Turning to defendant's motion to vacate the judgment of conviction, the bulk of the arguments advanced by defendant were or could have been raised on his direct appeal and, as "sufficient facts appear on the record with respect [there]to," such claims are not properly the subject of a CPL article 440 motion (CPL 440.10 [2] [b]; see People v Dickson-Eason, 143 AD3d 1013, 1015 [2016], lv denied 28 NY3d 1123 [2016]). As to the surviving claims—actual innocence and ineffective assistance of counsel based upon off-the-record conversations with counsel—we cannot say that County Court abused its discretion in denying defendant's motion without a hearing.

To the extent that defendant's motion to vacate is predicated upon his claim of actual innocence, "we note that vacatur of a judgment of conviction on this ground is expressly conditioned upon the existence of a verdict of guilt after trial and defendant's plea of guilty therefore foreclose[s] relief upon this ground" (People v DePerno, 148 AD3d 1463, 1464 [2017] [internal quotation marks and citations omitted], lv denied 29 NY3d 1030 [2017]; see CPL 440.10 [1] [g]; People v Tiger, — NY3d &mdash, &mdash, 2018 NY Slip Op 04377, *4-5 [2018]). Regarding defendant's ineffective assistance of counsel claim and the corresponding impact that counsel's alleged off-the-record advice had upon the voluntariness of defendant's plea, according to defendant, he previously had been diagnosed with bipolar disorder and posttraumatic stress disorder—disorders from which he had suffered "all of [his] adult years" and for which he had been prescribed various medications. On the morning of his plea colloquy, defendant averred, his medication regimen was changed, and the resulting combination of prescribed drugs caused him "to be very drowsy," "unable to concentrate" and "impaired [his] ability to understand the proceedings." Defendant further averred that he conveyed this information to defense counsel, who—in turn—advised him "not to tell the court of [his] history of mental health problems and treatment."

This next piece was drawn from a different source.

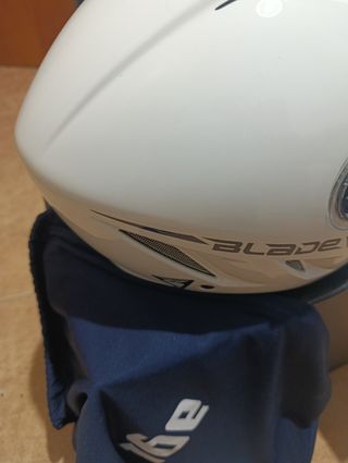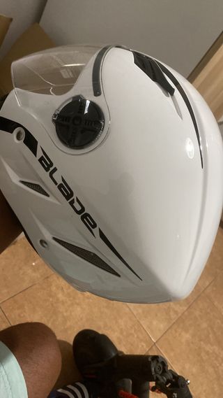 Casco de moto Blade en color blanco. Diseño moderno y aerodinámico. - Visera transparente. - Cierre de seguridad. - talla M

The medical records accompanying defendant's affidavit indeed document a medication change, and defendant also included information regarding the potential side effects of his prescribed medications. However, defendant's claims of mental confusion are belied by the transcript of the plea colloquy (see People v Ryder, 136 AD3d 1109, 1110 [2016], lv denied 27 NY3d 1005 [2016]), the record does not otherwise establish that defendant was suffering from any side effects of his medications at the time that he pleaded guilty and he has offered nothing other than his self-serving affidavit to substantiate his claim that defense counsel effectively advised him to perjure himself during his allocution (see e.g. People v Lewis, 138 AD3d 1346, 1348-1349 [2016], lv denied 28 NY3d 1073 [2016]). Under these circumstances, we cannot say that County Court abused its discretion in denying defendant's motion to vacate without a hearing. Defendant's remaining arguments, including his claim that the agreed-upon sentence imposed was harsh and excessive, have been examined and found to be lacking in merit.

Garry, P.J., Egan Jr., Mulvey and Rumsey, JJ., concur. Ordered that the judgment and order are affirmed.